## What to produce
Exactly retype the lines below from the one containing "Assael // 18k" through the end of the listing. Leave pictures out.

:::::

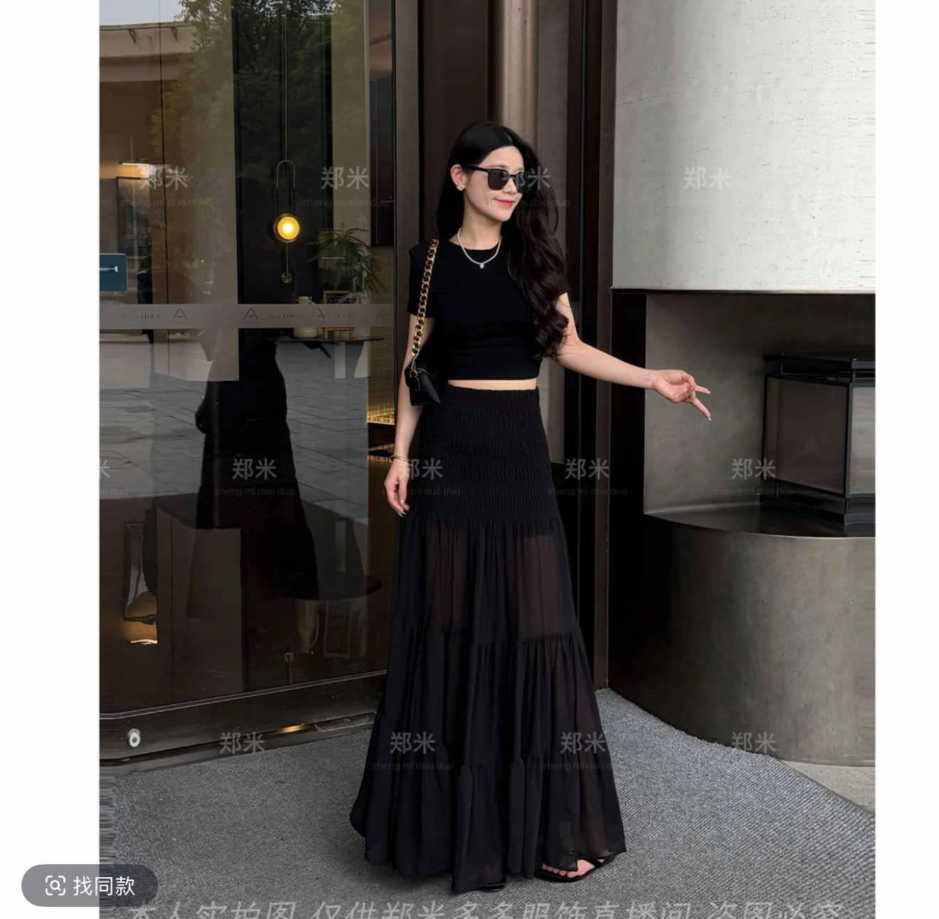 오래된 돈 바람 품격 패션 루즈핏 검정색 맨위 하이웨이스트 반신 스커트 여성 의류 2026 봄 새로운 캐주얼 세트
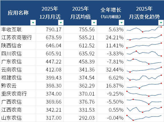 4、农商行:月活增长分化,丰收互联790万位居第一
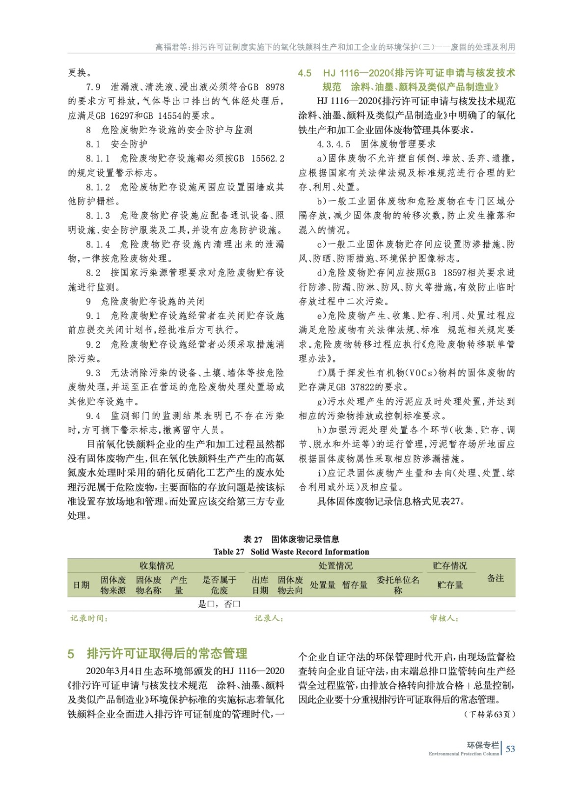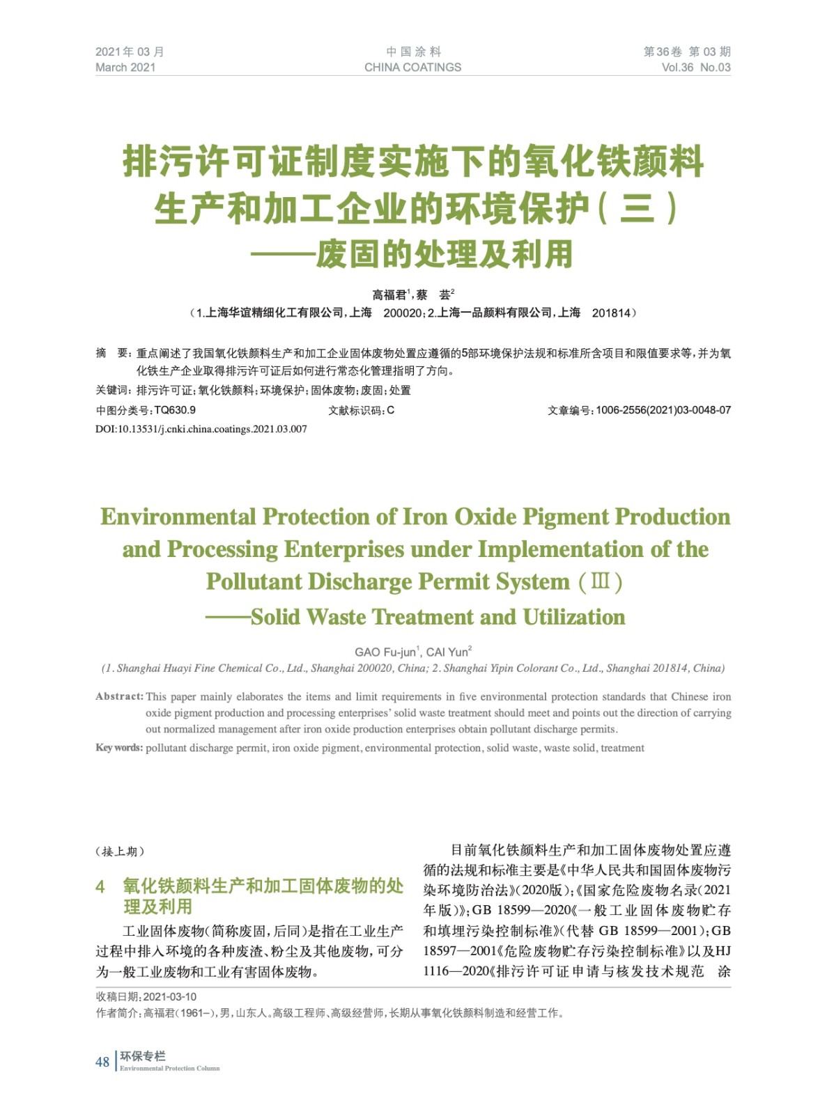 重點闡述了我國氧化鐵顏料生產和加工企業固體廢物處置應遵循的5部環境保護法規和標準所含項目和限值要求等,并為氧化鐵生產企業取得排污許可證后如何進行常態化管理指明了方向。
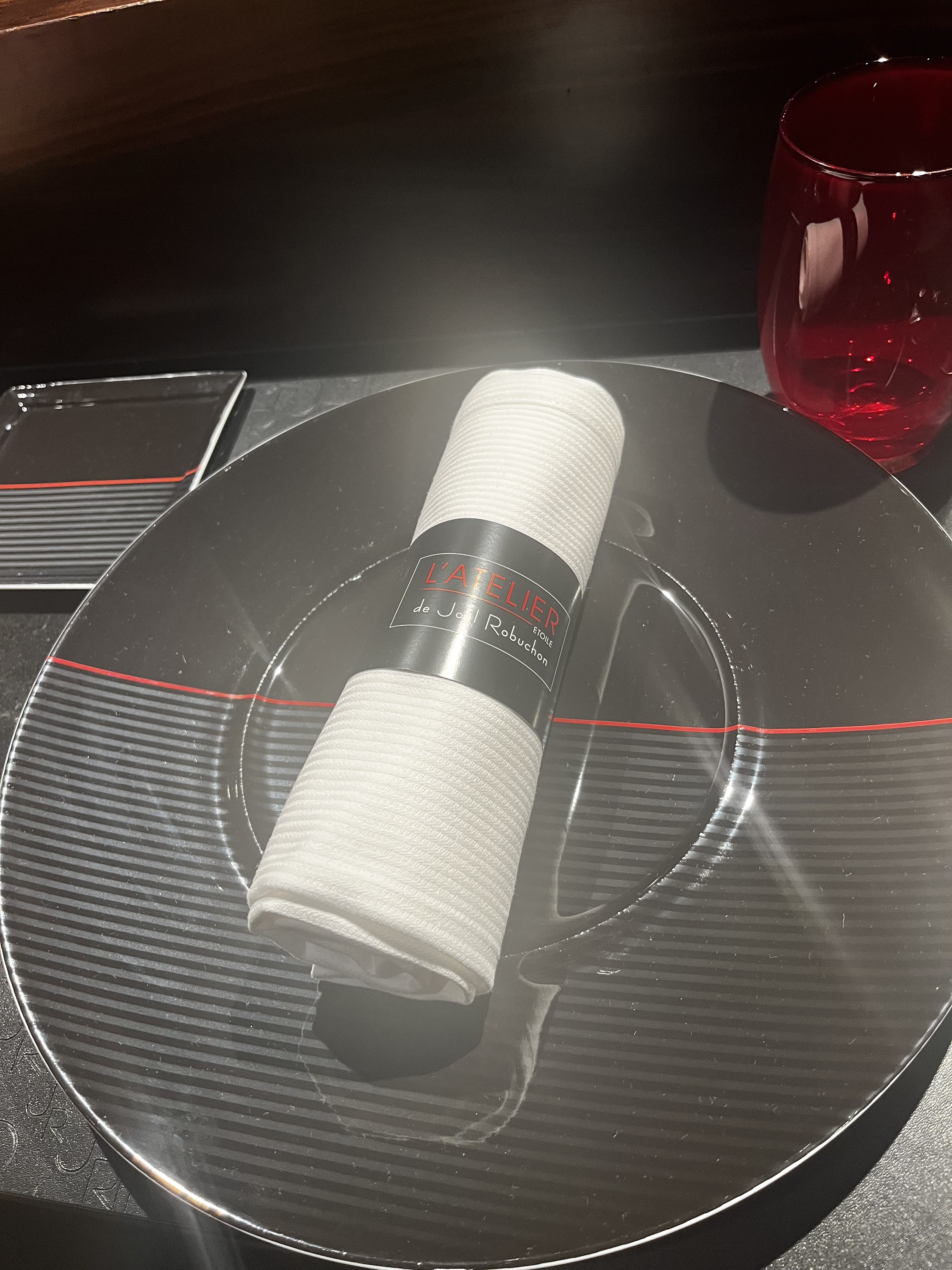 Incroyable expérience multi-cours pour deux, 9 cours au total. Nous nous sommes assis au bar, ce que nous recommandons à tous ceux qui y vont pour la première fois, ou à n'importe quel restaurant Joel Robuchom. C'est notre troisième restaurant où nous avons eu le plaisir de dîner. L'attention portée aux détails et au goût unique est quelque chose de spécial. Gardez simplement à l'esprit qu'étant donné qu'il s'agit d'un menu dégustation, les portions sont petites, mais vous serez rassasié, alors allez-y doucement avec le pain…. Une chose qui était intéressante, c'est l'emplacement. Sans méfiance, dans le sous-sol d'un dépanneur.
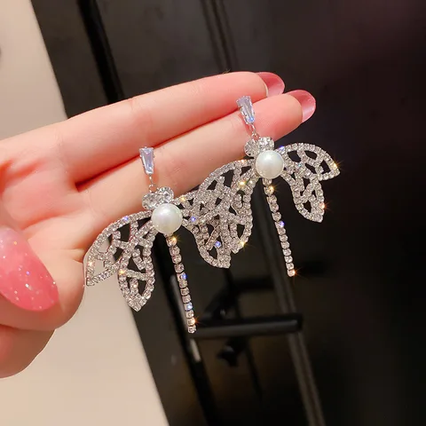 • Fashion Butterfly Earrings For Women Luxury Zircon Pearl Geometric Tassel Earring Girl Party Wedding Statement Jewelry Gifts
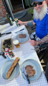 nach unserer erfrischung in der nordsee, sind wir dann in unser wohliges heim und haben gegrillt. steak und gemüse, wie es nur im urlaub schmeckt ;-),
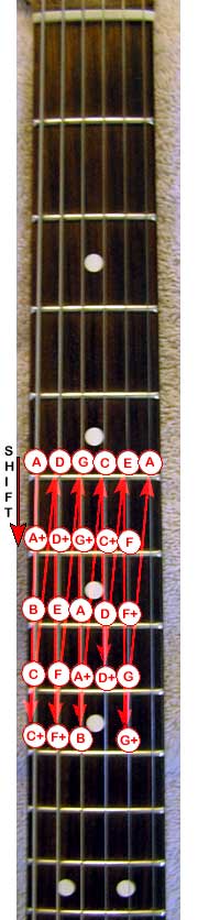 This pattern of notes would be the same no matter where you start on the neck. Pretty simple eh?
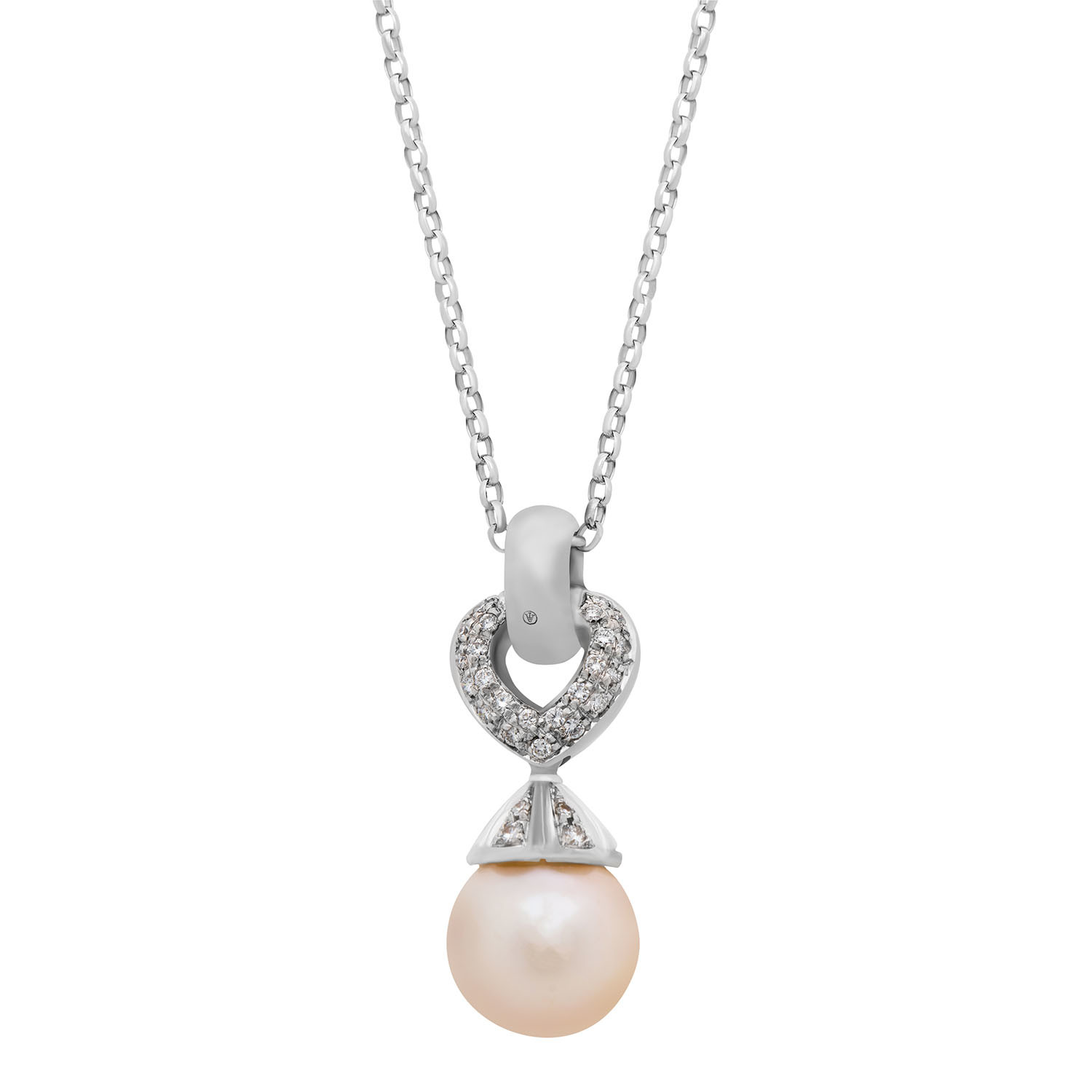 Assael // 18k White Gold Diamond + Pearl Pendant // 15.75"
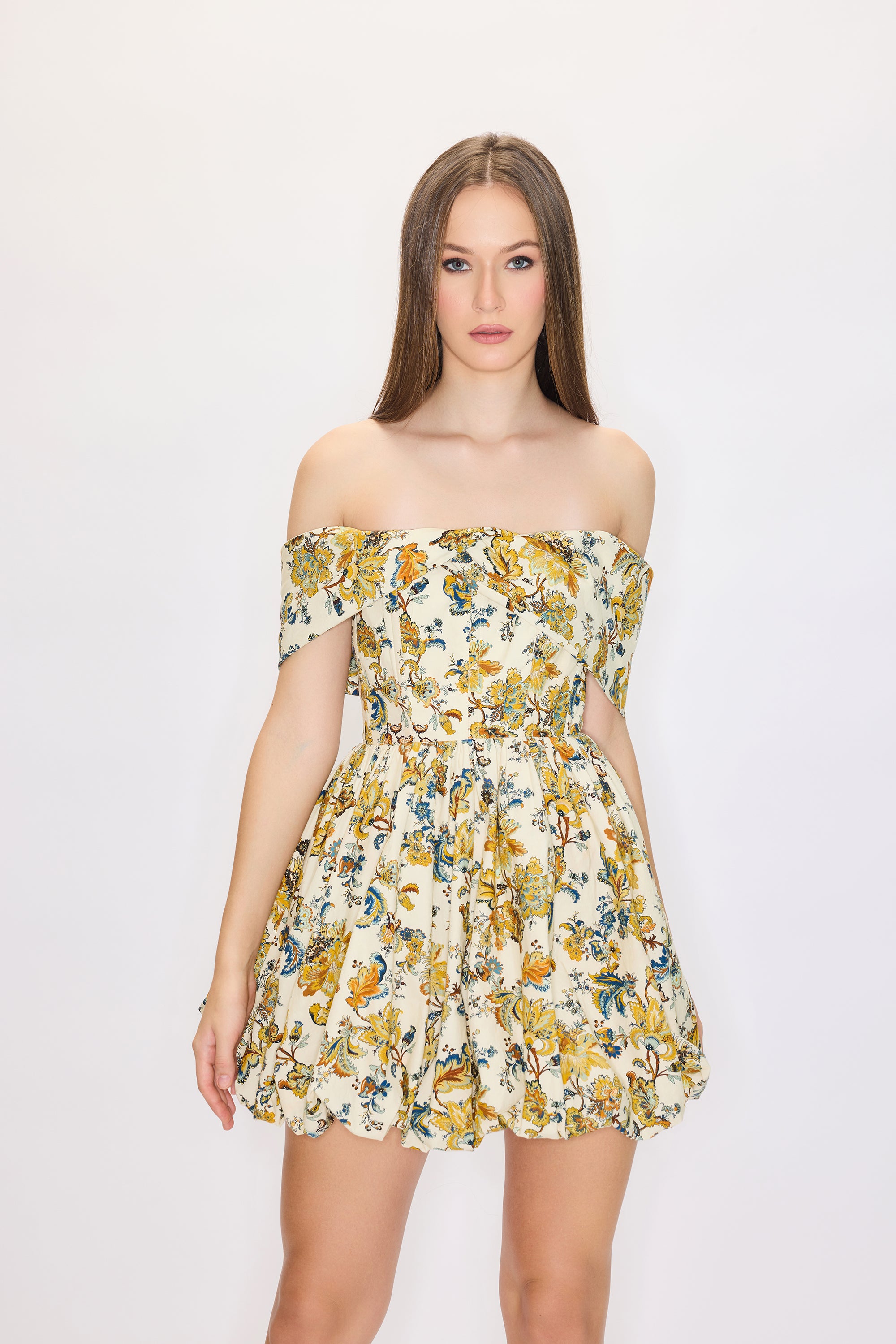 Ballet-core gets a makeover in our new take with draped off shoulder sleeves. Its beautiful floral print and playful bubble hem create a flirty, voluminous silhouette that’s perfect for any occasion.

:::::

## Response to this task
 Assael // 18k White Gold Diamond + Pearl Pendant // 15.75"
 Ballet-core gets a makeover in our new take with draped off shoulder sleeves. Its beautiful floral print and playful bubble hem create a flirty, voluminous silhouette that’s perfect for any occasion.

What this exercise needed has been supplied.